Breakfast for the needy: The greatest poverty in Munich is loneliness – Munich

25 years, more than 540 meetings, tens of thousands of sandwiches: Pastor Thomas Römer, 65, has been offering breakfast for the needy in the Matthäuskirche since 1997. Every second Thursday, the poor, the lonely and the homeless meet in the parish hall of the evangelical church at Sendlinger Tor. The so-called Matthew breakfast is financed by donations. “We live in a city that has a heart for the poor,” says Römer.

SZ: Mr. Römer, you are making a breakfast for the homeless in the parish hall of the Matthäuskirche…

Thomas Roemer: … we’re not talking about a homeless breakfast, because there are some there, but not all of them are homeless. I would say: the needy or the poor come, and these poor people also include people who are lonely. I remember a former judge who used to come to our breakfast and say, “I have no fellowship, I’m always so alone.” The greatest poverty in Munich is loneliness. When we started breakfast 25 years ago, the idea was for people from different backgrounds and social backgrounds to sit together at the table. The table community is an important point for me. When you sit at the table, you are at eye level. All are welcome.

And it’s volunteers who prepare the breakfast?

Yes, and they will also sit at the table. And it’s good for me to be there too; to be poor in a place where I don’t have to do anything and where I don’t have to show anything, where I’m safe with my sometimes depressive moods. There is give and take at this breakfast. When I started 25 years ago, my father said: “Oh, Thomas, you’ll like that. People are all the same – it’s just that the lacquer isn’t that thick with them.” There is a quick, immediate encounter here.

How many people come to your breakfast?

At the moment there are between 65 and 85 people.

How old are you?

Mostly 50+. But there are also 25- or 30-year-olds. Some have been coming for years, some irregularly. One has moved to Kempten, but always travels there because he loves breakfast so much.

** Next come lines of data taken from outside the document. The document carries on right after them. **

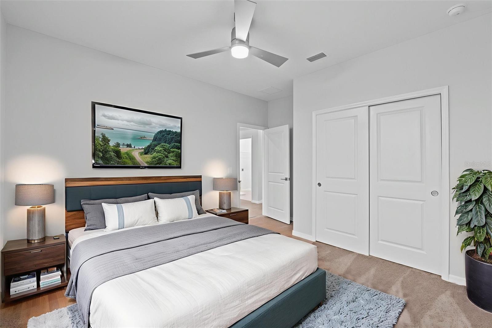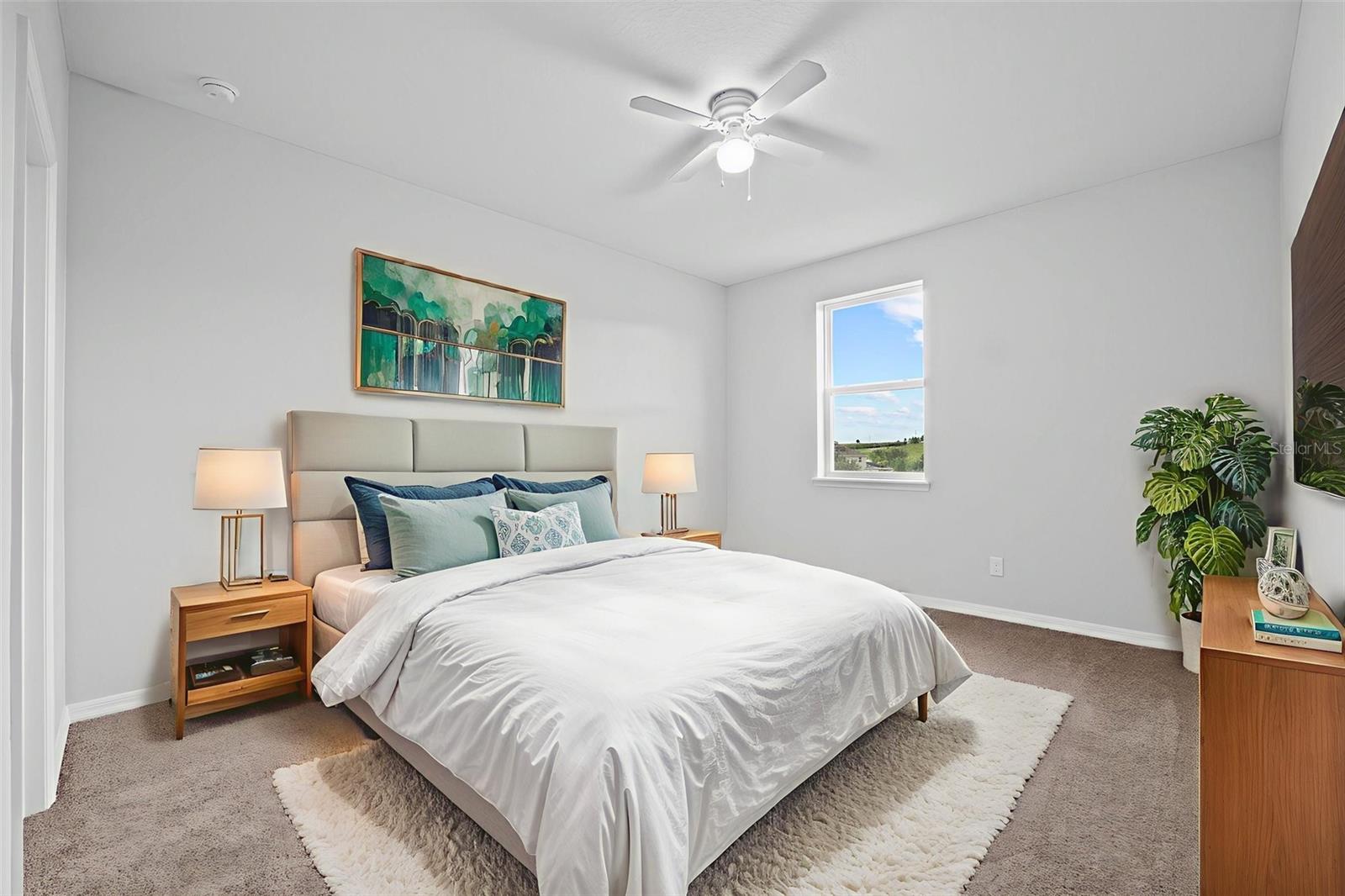 One or more photo(s) has been virtually staged. Spacious and modern 2-story home conveniently located near local shopping and restaurants. The interior has been freshly painted, and new carpeting has been installed. The roof will be replaced with new shingles prior to closing, pending HOA approval. This home features an open floor plan that is ideal for family gatherings and entertaining. The modern kitchen includes a large pantry, ample cabinet storage, and an open-concept layout perfect for hosting. A versatile bonus room on the first floor can be used as a 5th bedroom, office, or flex space. The large family room boasts ceramic tile flooring and sliding doors that lead to the covered patio. Upstairs, you’ll find 4 bedrooms and 2 full baths, including a spacious primary suite with new carpet and a large walk-in closet. The second floor also offers a laundry room and a loft area that provides additional living space. Don’t miss out—schedule your private showing today before this opportunity is gone! The home is being sold in AS IS condition.
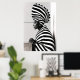 Gör ett slående påstående med den här fängslande svartvita bilden, en mästerlig visning av avant-garde mode och fet grafik. I elegant porträtt finns en kvinna med bedövande poise som är full av ett enastående, skulpturellt huvudstycke som smidigt flyter in i ett dramatiskt, omfångsrikt omfång. Såväl hörnet som hennes attityder är adormerade med fet, omulterande zebra ränder, som skapar en mesmeriserande synrytm som accentuerar hennes form. Hennes mörk har en strålande kontrast mot det nakna vita rand, medan en chic som öronar ger en aning subtil gnistra. Genom att luta sig försiktigt mot en texturerad sten yta och en pristinvit vägg framhävs linjer dynamiska samspel och konstruktionens kraftfulla grafiska kvalitet. Perfekt för moderna livsmiljöer, studioer i mode eller någon dekoratör som vill ha en liten elegans, minimalistisk fläkt och en oförglömlig konstnärlig närvaro.
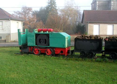 24.11.2004/ jl/ Das Denkmal Deutz FNr. 9583, Typ MLH232F, in der Rue de l'Hopital bei der Kirchein Hussigny-Godbrange (Frankreich, in der Nähe von Longwy) existiert noch. Die Lokomotive soll von der örtlichen l'Exploitation Commun des Mines a Hussigny-Godbrange stammen.
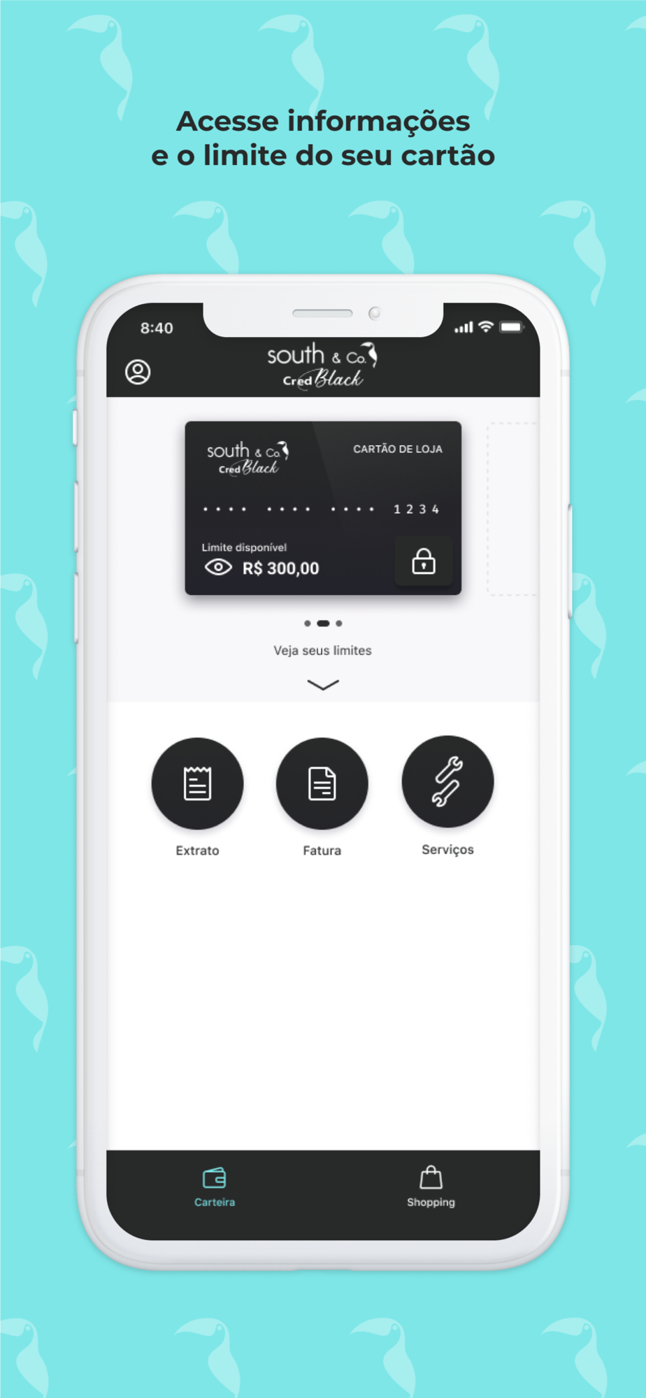 Com o seu aplicativo Credblack você pode acessar seu Cartão South Credblack para acompanhar gastos, conferir seu limite e gerar suas faturas sem sair do conforto e segurança de sua casa.

We currently have the Ukraine war and the so-called energy crisis, which is why some people in Germany are short on cash. Do you feel that at your breakfasts – are more people coming now?

Newcomers are people from the Ukraine. By the way, when we started 25 years ago, many people from Bosnia or Serbia came to our breakfast; People who fled because of the Balkan war. Some are with us to this day. Even with the wave of refugees in 2015, the number of people who came to us increased.

And people who are currently in need because of rising energy prices?

They’re not coming yet. There is arguably shame in accepting free food. We have to wait and see over the next six months whether these people will accept offers of help.

Beyond breakfast, do you do anything with your guests or friends, as you call them?

Some people don’t really get out of the city, and that’s why we take a trip every two years to Lake Starnberg, Lake Tegernsee or Lake Ammer. And in the years in between we have summer parties. And we offered – before Corona – a Matthäus-Café in the community hall once a month on Fridays.

And at Christmas there was dinner again, wasn’t there? It was last canceled because of the pandemic.

We always did the Christmas dinner in the parish hall of the Matthäuskirche, but in different forms because of Corona. During the pandemic we gave out lunch bags. This time it was again in the usual form: first there was a service at 11:30 a.m., which I did, and at 12 p.m. there was a meal for the more than 200 people at tables: roast pork, dumplings, red cabbage. After that, the whole church smelled of red cabbage for a few hours (laughs).